Yes, provided you use up-to-date SGML software which knows about the WebSGML Adaptations TC to ISO 8879 (the features needed to support XML, such as the variant form for EMPTY elements; some aspects of the SGML Declaration such as NAMECASE GENERAL NO; multiple attribute token list declarations, etc).
An alternative is to use an SGML DTD to let you create a fully-normalised SGML file, but one which does not use empty elements; and then remove the DocType Declaration so it becomes a well-formed DTDless XML file. Most SGML tools now handle XML files well, and provide an option switch between the two standards.
Question 16 :
Can XML use non-Latin characters?
Yes, the XML Specification explicitly says XML uses ISO 10646, the international standard character repertoire which covers most known languages. Unicode is an identical repertoire, and the two standards track each other. The spec says (2.2): 'All XML processors must accept the UTF-8 and UTF-16 encodings of ISO 10646…'. There is a Unicode FAQ at http://www.unicode.org/faq/FAQ.
UTF-8 is an encoding of Unicode into 8-bit characters: the first 128 are the same as ASCII, and higher-order characters are used to encode anything else from Unicode into sequences of between 2 and 6 bytes. UTF-8 in its single-octet form is therefore the same as ISO 646 IRV (ASCII), so you can continue to use ASCII for English or other languages using the Latin alphabet without diacritics. Note that UTF-8 is incompatible with ISO 8859-1 (ISO Latin-1) after code point 127 decimal (the end of ASCII).
UTF-16 is an encoding of Unicode into 16-bit characters, which lets it represent 16 planes. UTF-16 is incompatible with ASCII because it uses two 8-bit bytes per character (four bytes above U+FFFF).
Question 17 :
Does XML let me make up my own tags?
No, it lets you make up names for your own element types. If you think tags and elements are the same thing you are already in considerable trouble: read the rest of this question carefully.
Question 18 :
How do I create my own document type?
Document types usually need a formal description, either a DTD or a Schema. Whilst it is possible to process well-formed XML documents without any such description, trying to create them without one is asking for trouble. A DTD or Schema is used with an XML editor or API interface to guide and control the construction of the document, making sure the right elements go in the right places.
Creating your own document type therefore begins with an analysis of the class of documents you want to describe: reports, invoices, letters, configuration files, credit-card verification requests, or whatever. Once you have the structure correct, you write code to express this formally, using DTD or Schema syntax.
Question 19 :
Can a root element type be explicitly declared in the DTD?

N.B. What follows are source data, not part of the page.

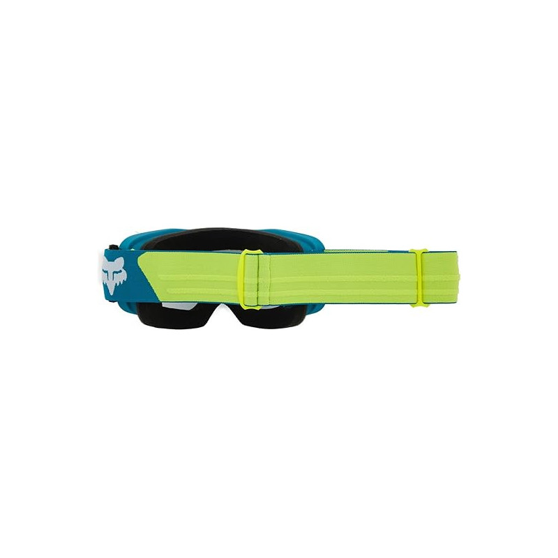 Masque Fox Main Core Turquoise/Jaune : écran Lexan™ anti-UV, vision large, mousse triple couche, tear-off, système VLS™, bandeau silicone. Confort et performance à prix mini.
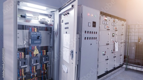 Main breaker on the distribution panel control,Electrical switch gear at Low Voltage power control center cabinet in coal power plant.
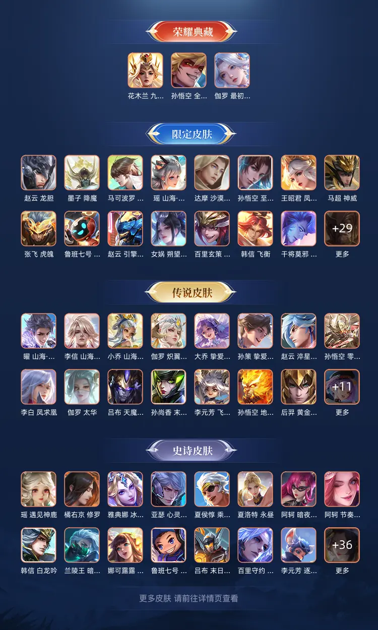 本游戏账号: V10用户,基础段位:最强王者,英雄多,皮肤多。典藏皮肤4个,感受典藏皮肤带来的优质体验快感,FMVP皮肤7个,尽情享受FMVP皮肤带来的主角光环, 私人所属英雄皮肤有:韩信 弑枪猎影||伽罗 最初的交响||孙悟空 全息碎影||花木兰 九霄神辉曜 山海·苍雷引||鲁班七号 江户川柯南||墨子 黄金天蝎座||小乔 音你心动||小乔 山海·琳琅生||吕布 天魔缭乱||吕布 遇见神鼓||妲己 愿照·众生和||伽罗 太华||伽罗 炽翼辉光||孙悟空 零号·赤焰||孙悟空 齐天大圣||孙悟空 地狱火||干将莫邪 画中仙||澜 愿照·九州拓||澜 电玩·雷克斯||李信 山海·炽霜斩||虞姬 启明星使||虞姬 无限倾心||花木兰 燃星之曲||典韦 战鼓燎原||百里守约 碎云||孙策 末日机甲||孙策 挚爱之约||孙策 乘龙·淬吴钩||宫本武藏 惊梅引||宫本武藏 地狱之眼||李白 凤求凰||狄仁杰 超时空战士||项羽 无限倾心||貂蝉 仲夏夜之梦||达摩 黄金狮子座||艾琳 觅芳
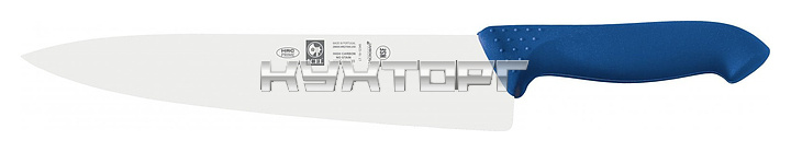 Поварской нож ICEL Horeca Prime Chef's Knife 28600.HR27000.200 оснащен эргономичной ручкой синего цвета из приятного на ощупь пластика Proflex, устойчивого к высоким температурам и воздействию агрессивных элементов, и заточенным вручную лезвием, выполненным из высококачественной нержавеющей стали X50CrMoV15 с добавлением хрома, молибдена и ванадия. Твердость стали, закаленной по специальной технологии, составляет более 56 HRC. Ручка, изготовленная по системе инжекции, имеет специальную антибактериальную защиту Microban.
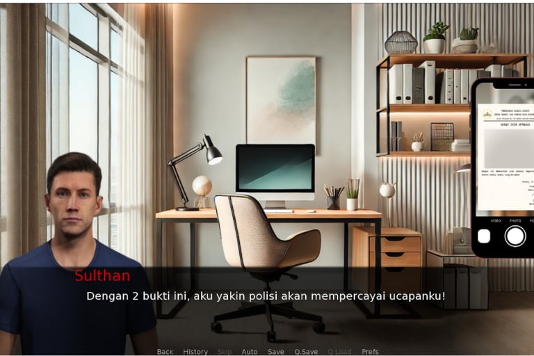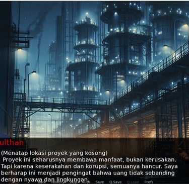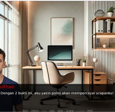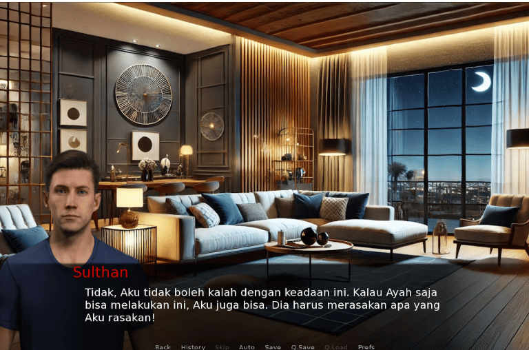 Story: Story game ini memiliki 4 ending dengan alur yang linear dan branching berdasarkan jumlah clue yang dimiliki. Story game ini mengikuti Sulthan yang mengalami penyakit kronis yang bersifat detrimental pada keselamatan sulthan. ketika Sulthan menjemput ayahnya, ia menemukan sesuatu… hal yang akan mengubah hubungannya dengan ayahnya selamanya. Story yang dibawa dari game ini menurut saya sangat menarik dan seru untuk dijalani, implikasi pada hubungan keluar yang datang dari investigasi lebih lanjut, perasaan dihianati, dan investigasi yang dilakukan seru dan sangat menarik serta menggugah rasa penasaran
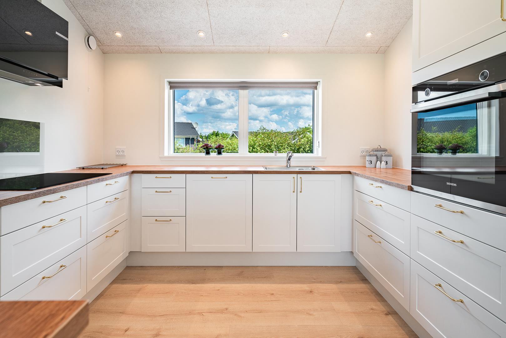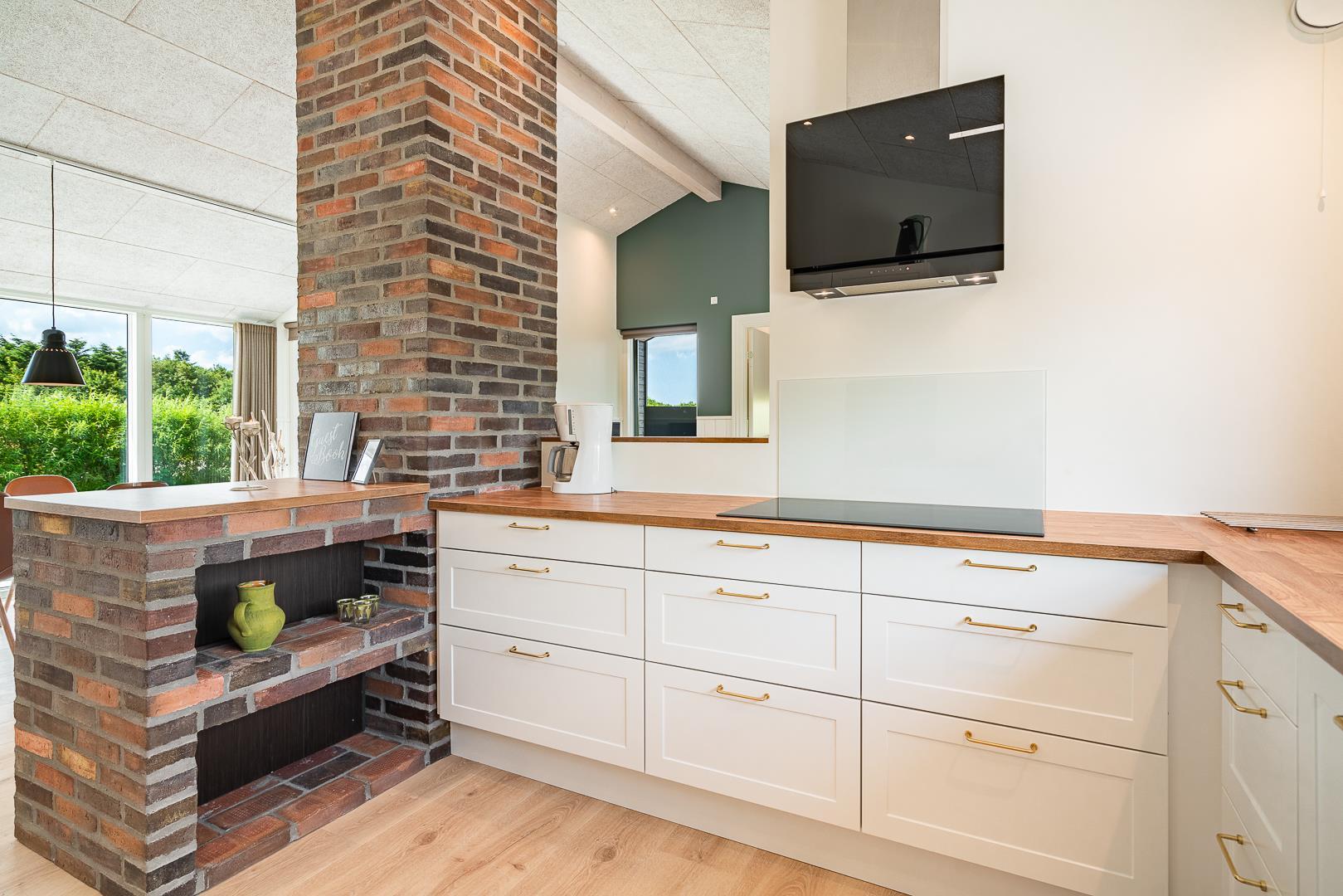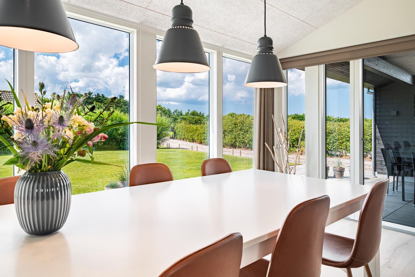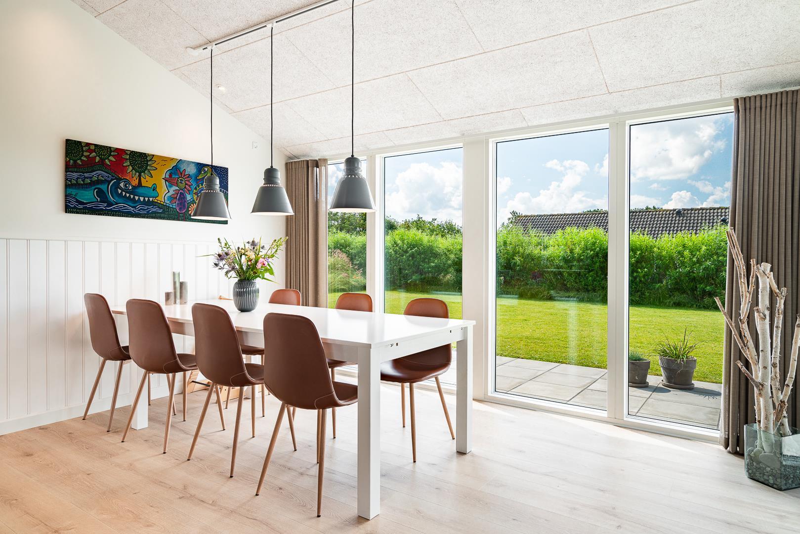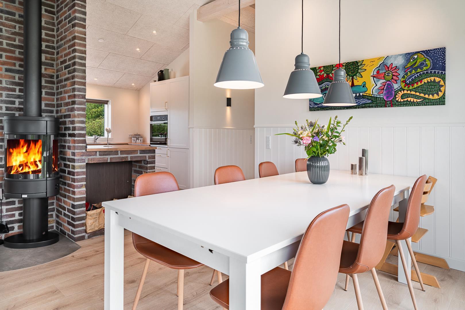 Det åbne køkken ligger i direkte forbindelse med spisepladsen og er fuldt udstyret – inklusiv opvaskemaskine – så madlavningen bliver nem og hyggelig. Ved det store spisebord er der god plads til både mad, spil og samvær.

No. This is done in the document's Document Type Declaration, not in the DTD.
Question 20 :
How do I get XML into or out of a database?
Ask your database manufacturer: they all provide XML import and export modules to connect XML applications with databases. In some trivial cases there will be a 1:1 match between field names in the database table and element type names in the XML Schema or DTD, but in most cases some programming will be required to establish the desired match. This can usually be stored as a procedure so that subsequent uses are simply commands or calls with the relevant parameters.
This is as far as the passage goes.